TSMC has taken other measures to minimize potential loss of shareholder value arising from intellectual property claims and litigation filed against the Company. These measures include: obtaining licenses from certain semiconductor and other technology companies; timely securing of intellectual property rights for defensive and/or offensive protection of TSMC technology and business; aggressively defending against frivolous litigation; and acquiring or licensing strategic intellectual property rights necessary to protect its technologies and business offerings.
Risks Associated with Litigation
As is the case with many companies in the semiconductor industry, TSMC has received from time-to-time communications from third parties asserting that its technologies, manufacturing processes, the design of the integrated circuits made by it or the use by its customers of semiconductors made by it may infringe upon patents or other intellectual property rights of others.

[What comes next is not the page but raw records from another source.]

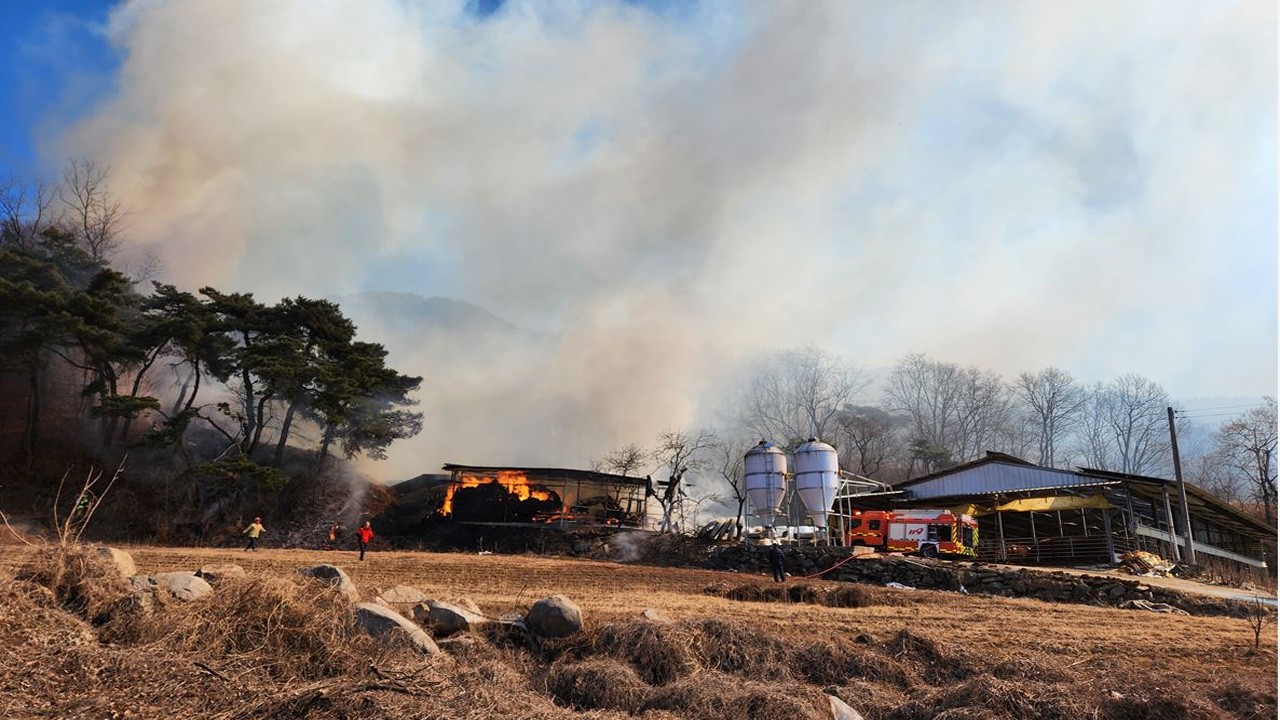 사진 제공 경북소방본부1월 18일 오후 1시쯤 경북 성주군 월항면의 한 축사에서 불이 나 3시간 10분여 만에 꺼졌습니다. 이 불로 우사 천장 일부와 볏짚이 탔고 인근 야산으로 옮겨붙으면서 산 0.1ha가 탔습니다. 소방 당국은 정확한 화재 원인과 피해 규모를 조사하고 있습니다.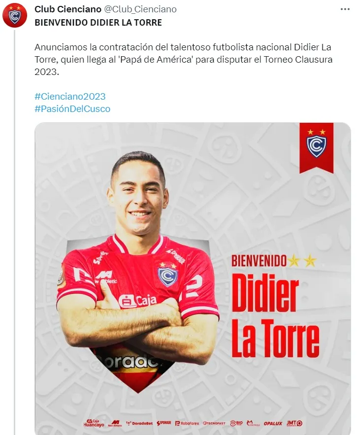 “Anunciamos la contratación del talentoso futbolista nacional Didier La Torre, quien llega al ‘Papá de América’ para disputar el Torneo Clausura 2023″, dicen las redes de Cienciano.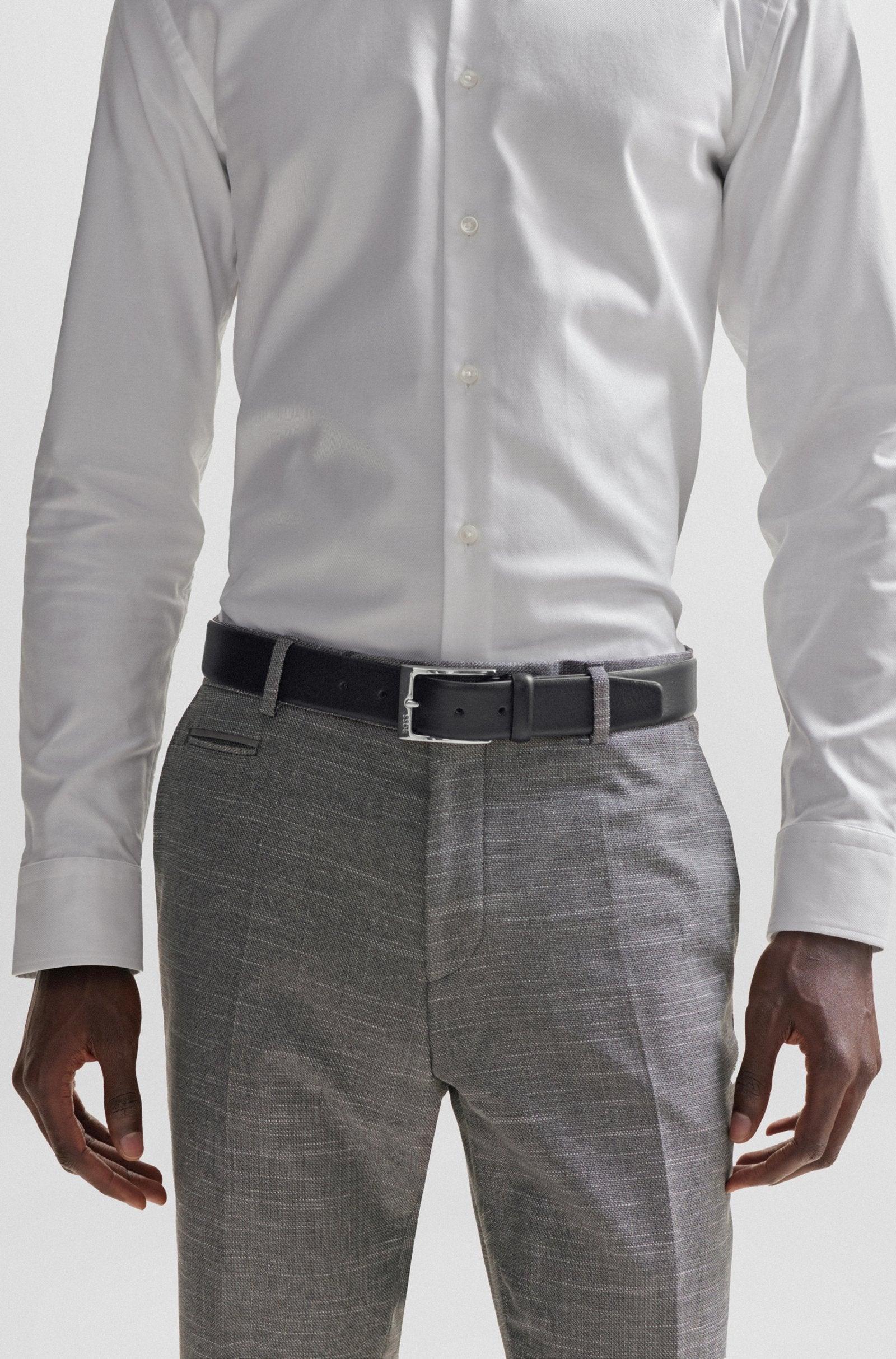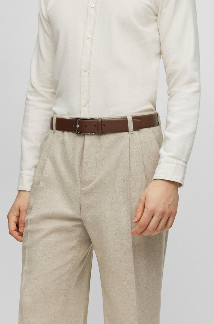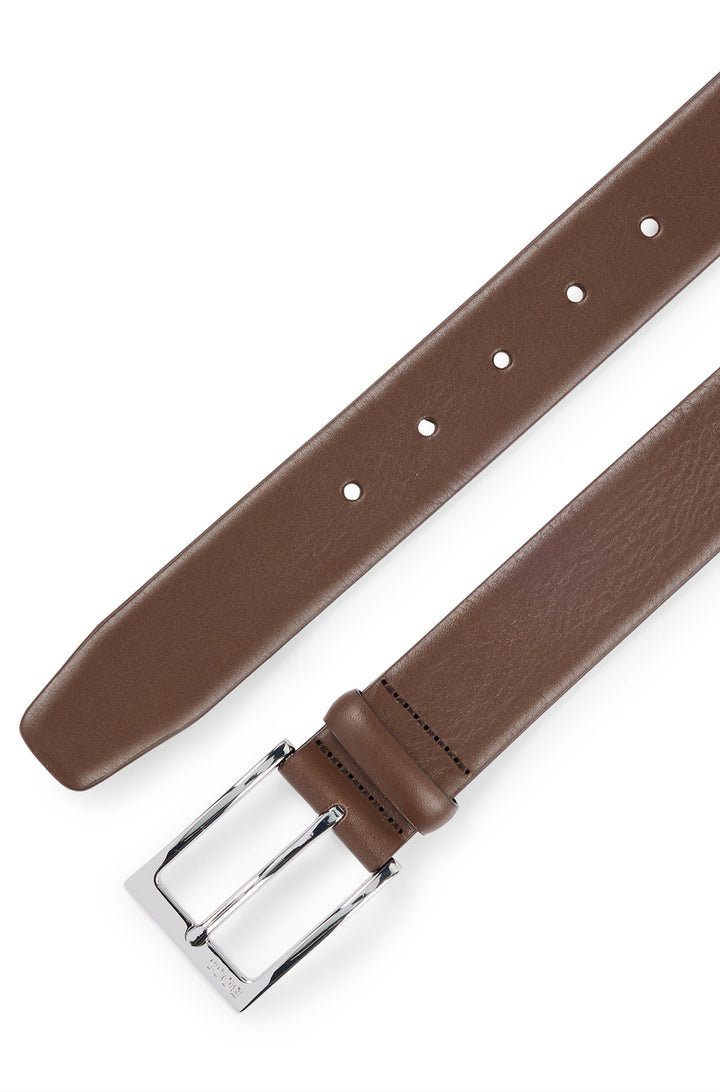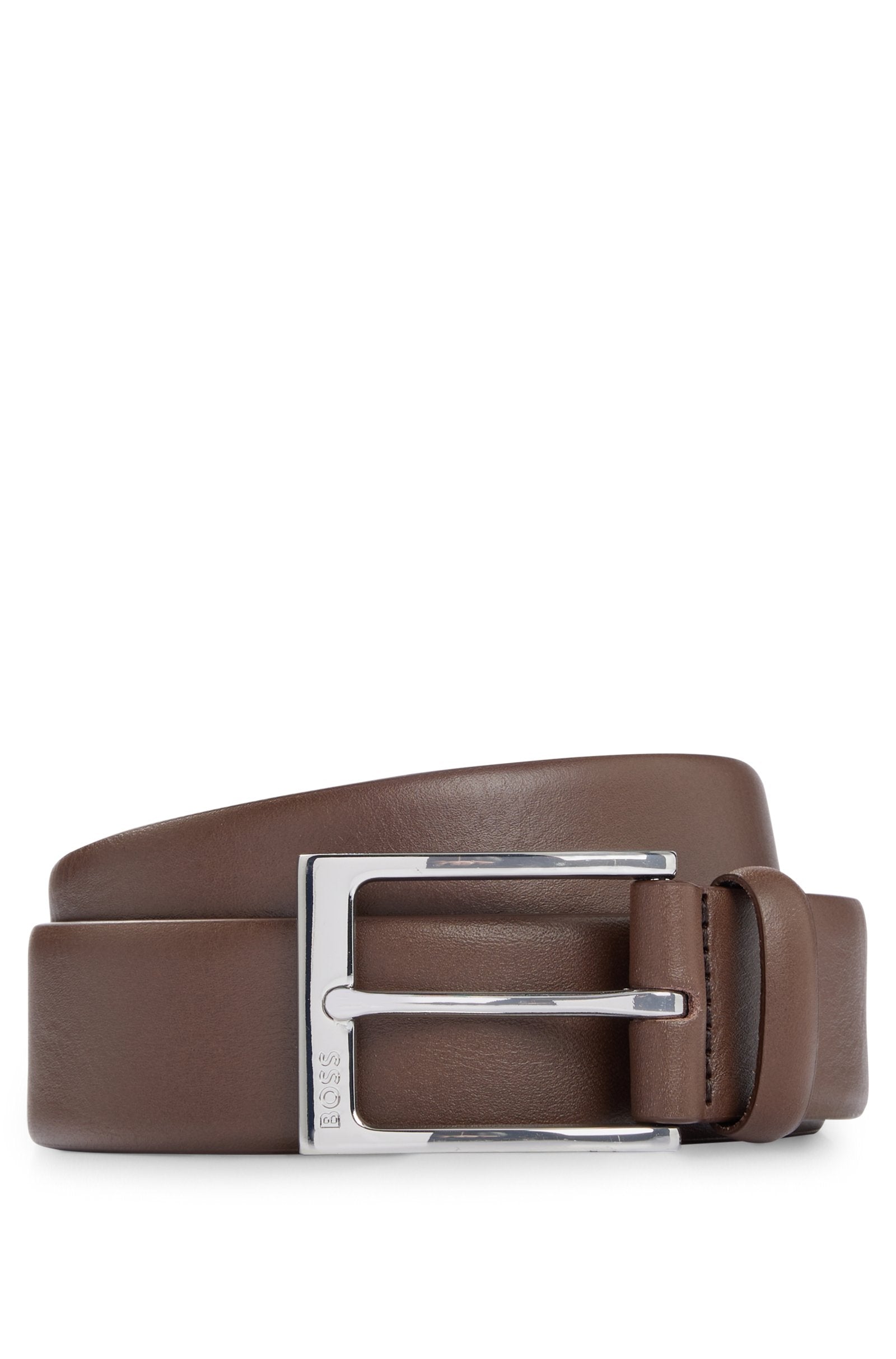 A 3.5cm belt in rich leather with a silver-tone pin buckle featuring an engraved logo by BOSS. For the best fit, we advise ordering a belt one size larger than your waist size.

In some instances, these disputes have resulted in litigation by or against the Company and certain settlement payments by it in some cases. Irrespective of the validity of these claims, TSMC could incur significant costs in the defense thereof or could suffer adverse effects on its operations.
In June 2010, Keranos, LLC. filed a lawsuit in the U.S. District Court for the Eastern District of Texas alleging that TSMC, TSMC North America, and several other leading technology companies infringe three expired U.S. patents. In response, TSMC, TSMC North America, and several co-defendants in the Texas case filed a lawsuit against Keranos in the U.S. District Court for the Northern District of California in November 2010, seeking a judgment declaring that they did not infringe the asserted patents, and that those patents are invalid. These two litigations have been consolidated into a single case in the U.S. District Court for the Eastern District of Texas. The outcome cannot be determined at this time.
In December 2010, Ziptronix, Inc. filed a complaint in the U.S. District Court for the Northern District of California accusing TSMC, TSMC North America and one other company of infringing several U.S. patents. The outcome cannot be determined at this time.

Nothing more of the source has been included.